Shore only gets livelier from there, peaking into Sufjan Stevens-esque nostalgia on “Featherweight” and expressing old-soul fatigue on the quick-paced rocker “Young Man’s Game.” Pecknold also familiarizes himself with his own privilege on the second of those two, singing “I’ve been lucky as sin / not one thing in my way.” He expounds on this idea in a statement released alongside the album: “I’ve been so lucky in so many ways in my life, so lucky to be born with the seeds of the talents I have cultivated and lucky to have had so many unreal experiences. Maybe with luck can come guilt sometimes. I know I’ve welcomed hardship wherever I could find it, real or imagined, as a way of subconsciously tempering all this unreal luck I’ve had.” That gratitude seems to radiate from every corner of Shore, even its more somber moments.
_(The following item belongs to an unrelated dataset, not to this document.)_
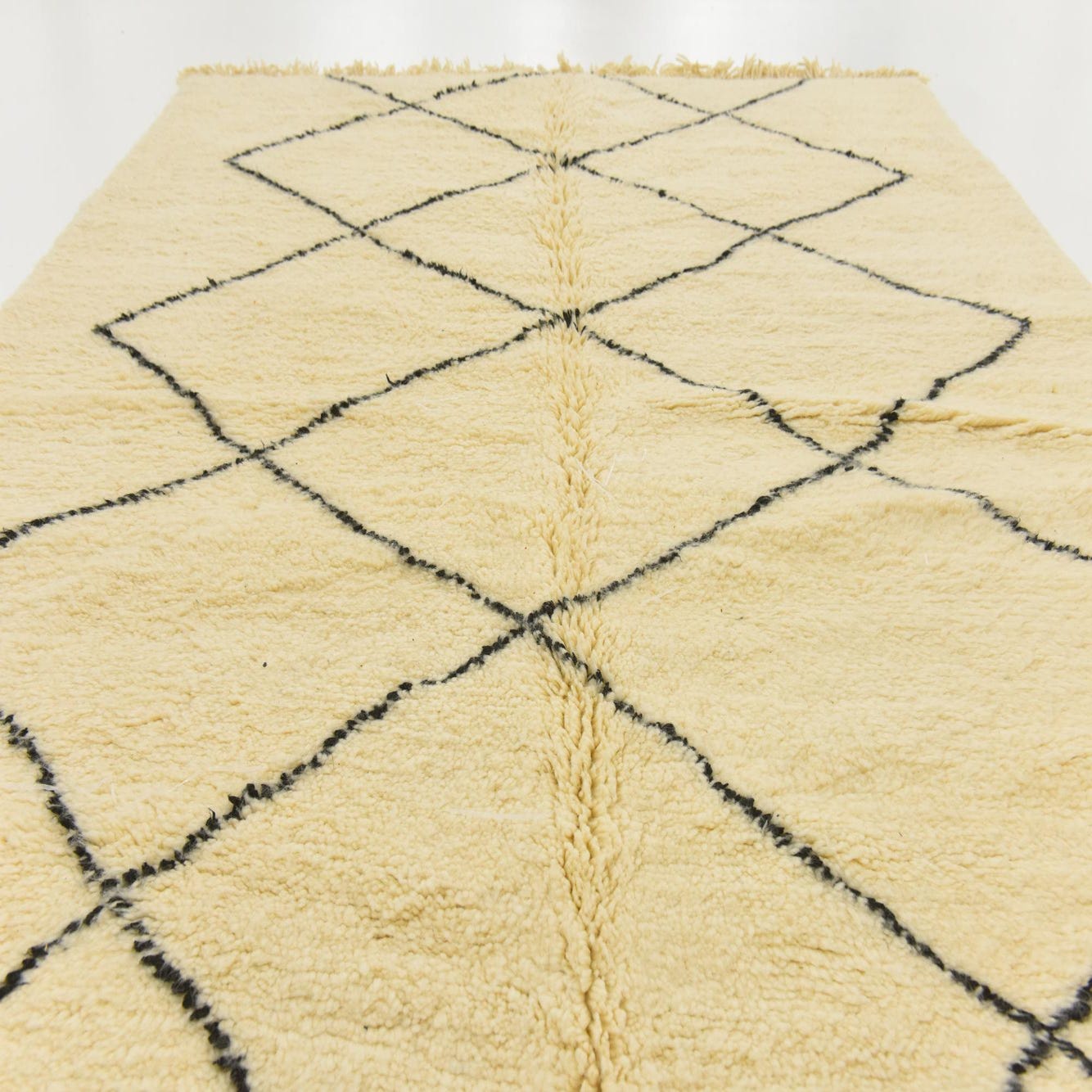 The design features a simple yet bold geometric pattern, with sharp black lines forming a series of diamonds across the ivory background. This striking contrast imbues the rug with a contemporary edge, despite its traditional origins. The addition of fringe on either end adds a classic touch, providing a delightful textural finish and a nod to authenticity.

Now 34, Pecknold seems much more comfortable with life’s messy bits—and much more eager to embrace the small things. He pulls a friend from the depths of despair on the jaunty “Jara” and condemns the youthful days when he once romanticized pain on “A Long Way Past The Past.” But it’s on the title track and album closer where he seems the most at peace, clinging to a loved one for dear life before memorializing Prine and Berman yet again. “Kin of my kin / I rely on you / taking me in,” he sings, reaching for the safety of the shore from the choppy banks. The root of the German word for friendship roughly translates to “place of high safety,” and that holy stronghold seems to be what Pecknold is grasping at throughout Shore’s generous 55 minutes. Shore is a place to return to when you’re weary.